WHAT IS REQUIRED:
A copy of the listing below is needed, exact in every line and without images.

Top of SUPPLIED INFORMATION

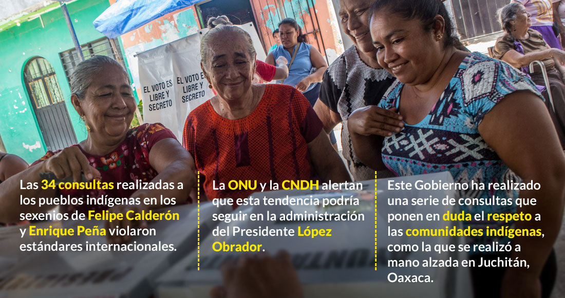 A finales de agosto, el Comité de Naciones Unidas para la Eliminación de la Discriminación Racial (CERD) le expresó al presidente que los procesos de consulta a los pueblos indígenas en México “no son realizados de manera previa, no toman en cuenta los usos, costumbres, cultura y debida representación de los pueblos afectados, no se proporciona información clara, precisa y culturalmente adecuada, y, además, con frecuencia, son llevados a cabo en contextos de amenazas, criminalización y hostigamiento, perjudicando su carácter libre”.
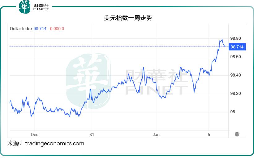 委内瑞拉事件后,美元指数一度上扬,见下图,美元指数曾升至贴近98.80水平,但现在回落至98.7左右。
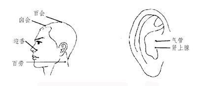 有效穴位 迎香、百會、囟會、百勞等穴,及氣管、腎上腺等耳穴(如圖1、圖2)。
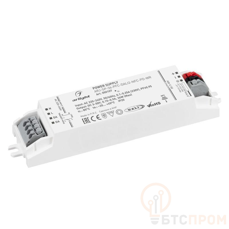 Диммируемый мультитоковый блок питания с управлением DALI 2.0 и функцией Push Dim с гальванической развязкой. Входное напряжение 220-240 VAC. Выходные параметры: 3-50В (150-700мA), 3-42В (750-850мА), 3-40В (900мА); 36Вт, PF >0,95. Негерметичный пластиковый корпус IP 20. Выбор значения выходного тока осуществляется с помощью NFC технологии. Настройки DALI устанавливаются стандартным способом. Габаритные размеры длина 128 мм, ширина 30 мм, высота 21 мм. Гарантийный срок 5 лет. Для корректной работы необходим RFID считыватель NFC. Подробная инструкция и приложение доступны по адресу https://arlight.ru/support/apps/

Bottom of SUPPLIED INFORMATION

WRITTEN RESPONSE:
 A finales de agosto, el Comité de Naciones Unidas para la Eliminación de la Discriminación Racial (CERD) le expresó al presidente que los procesos de consulta a los pueblos indígenas en México “no son realizados de manera previa, no toman en cuenta los usos, costumbres, cultura y debida representación de los pueblos afectados, no se proporciona información clara, precisa y culturalmente adecuada, y, además, con frecuencia, son llevados a cabo en contextos de amenazas, criminalización y hostigamiento, perjudicando su carácter libre”.
 委内瑞拉事件后,美元指数一度上扬,见下图,美元指数曾升至贴近98.80水平,但现在回落至98.7左右。
 有效穴位 迎香、百會、囟會、百勞等穴,及氣管、腎上腺等耳穴(如圖1、圖2)。
 Диммируемый мультитоковый блок питания с управлением DALI 2.0 и функцией Push Dim с гальванической развязкой. Входное напряжение 220-240 VAC. Выходные параметры: 3-50В (150-700мA), 3-42В (750-850мА), 3-40В (900мА); 36Вт, PF >0,95. Негерметичный пластиковый корпус IP 20. Выбор значения выходного тока осуществляется с помощью NFC технологии. Настройки DALI устанавливаются стандартным способом. Габаритные размеры длина 128 мм, ширина 30 мм, высота 21 мм. Гарантийный срок 5 лет. Для корректной работы необходим RFID считыватель NFC. Подробная инструкция и приложение доступны по адресу https://arlight.ru/support/apps/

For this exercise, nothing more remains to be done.